*SOURCE DATA*.
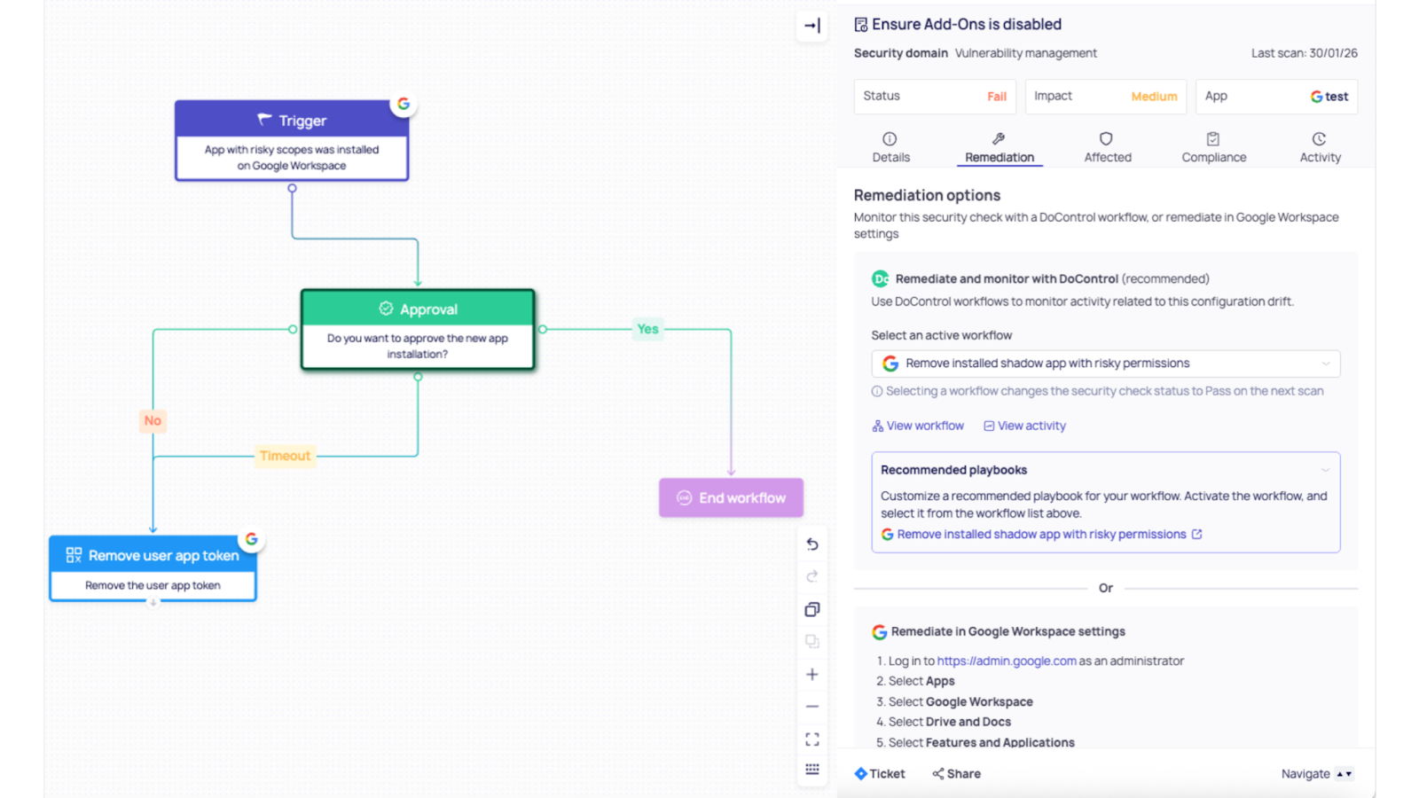 DoControl’s posture + workflow model is designed for this exact reality: SaaS environments change constantly, so security must operate continuously through real-time, policy-based workflows that detect, respond, and remediate with minimal manual effort.
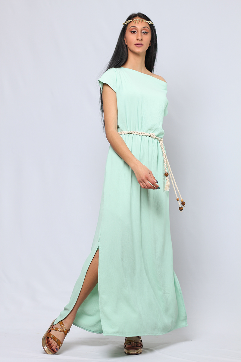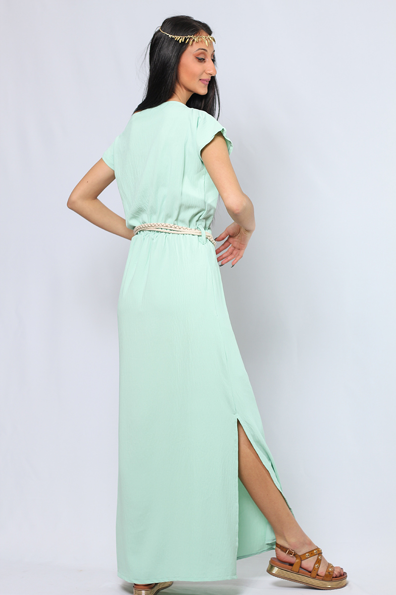 Μaxi φόρεμα χαμόγελο σε υπέροχο καλοκαιρινό χρώμα, άνεση στην καθημερινότητα σου με σκίσιμο δεξιά αριστερά και λάστιχο μαλακό στη μέση.
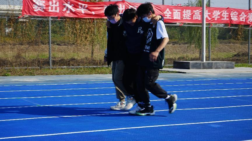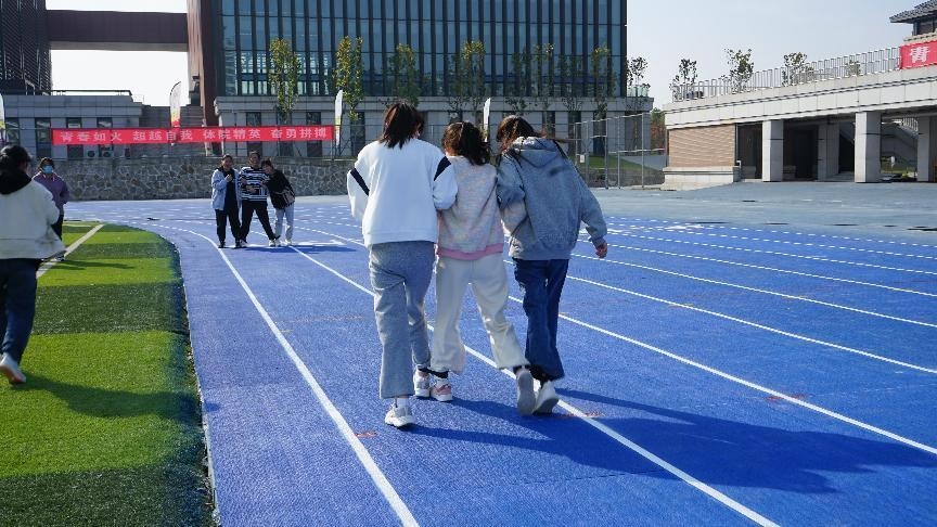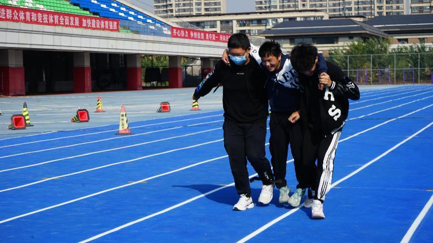 三人四足的赛道上“一二一二”整齐的口号此起彼伏,同学们的游戏姿势千奇百怪,让人忍俊不禁。

*WHAT YOU ARE ASKED TO DO*.
Reprint the whole listing above exactly, taking out the pictures.

*EXERCISE RESPONSE*.
 DoControl’s posture + workflow model is designed for this exact reality: SaaS environments change constantly, so security must operate continuously through real-time, policy-based workflows that detect, respond, and remediate with minimal manual effort.
 Μaxi φόρεμα χαμόγελο σε υπέροχο καλοκαιρινό χρώμα, άνεση στην καθημερινότητα σου με σκίσιμο δεξιά αριστερά και λάστιχο μαλακό στη μέση.
 三人四足的赛道上“一二一二”整齐的口号此起彼伏,同学们的游戏姿势千奇百怪,让人忍俊不禁。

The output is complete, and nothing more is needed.